All lines with the word "obce" are to be found and copied from the listing.

--- Input records Enclosed Below ---

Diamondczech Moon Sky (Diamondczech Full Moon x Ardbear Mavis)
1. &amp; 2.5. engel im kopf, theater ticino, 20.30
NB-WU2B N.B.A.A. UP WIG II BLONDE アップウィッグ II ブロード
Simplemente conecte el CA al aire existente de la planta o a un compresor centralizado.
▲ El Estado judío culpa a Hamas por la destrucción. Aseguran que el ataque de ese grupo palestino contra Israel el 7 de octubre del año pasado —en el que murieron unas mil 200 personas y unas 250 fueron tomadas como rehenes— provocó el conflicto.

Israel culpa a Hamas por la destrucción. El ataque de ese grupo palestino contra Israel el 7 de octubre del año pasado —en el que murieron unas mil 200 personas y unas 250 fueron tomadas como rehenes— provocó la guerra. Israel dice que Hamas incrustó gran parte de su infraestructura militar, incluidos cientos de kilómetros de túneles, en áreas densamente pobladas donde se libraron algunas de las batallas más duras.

--- End of Enclosed Input records ---
--- Input records Enclosed Below ---

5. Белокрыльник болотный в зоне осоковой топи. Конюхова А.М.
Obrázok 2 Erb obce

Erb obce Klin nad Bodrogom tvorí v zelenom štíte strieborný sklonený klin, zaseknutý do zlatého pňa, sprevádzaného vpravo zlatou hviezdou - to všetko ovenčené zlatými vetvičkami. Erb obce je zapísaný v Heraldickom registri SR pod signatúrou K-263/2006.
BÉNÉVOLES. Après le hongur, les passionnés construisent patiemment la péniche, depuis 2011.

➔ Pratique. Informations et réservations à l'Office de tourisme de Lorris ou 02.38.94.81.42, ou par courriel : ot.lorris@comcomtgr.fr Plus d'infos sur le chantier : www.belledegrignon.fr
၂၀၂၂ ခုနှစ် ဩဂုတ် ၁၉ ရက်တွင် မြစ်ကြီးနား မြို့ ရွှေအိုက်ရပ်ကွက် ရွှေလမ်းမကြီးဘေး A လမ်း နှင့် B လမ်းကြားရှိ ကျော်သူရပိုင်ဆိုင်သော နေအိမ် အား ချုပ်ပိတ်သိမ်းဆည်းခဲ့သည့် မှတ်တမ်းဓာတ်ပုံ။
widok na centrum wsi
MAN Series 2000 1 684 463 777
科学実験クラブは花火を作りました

--- End of Enclosed Input records ---

Expected answer
Obrázok 2 Erb obce
Erb obce Klin nad Bodrogom tvorí v zelenom štíte strieborný sklonený klin, zaseknutý do zlatého pňa, sprevádzaného vpravo zlatou hviezdou - to všetko ovenčené zlatými vetvičkami. Erb obce je zapísaný v Heraldickom registri SR pod signatúrou K-263/2006.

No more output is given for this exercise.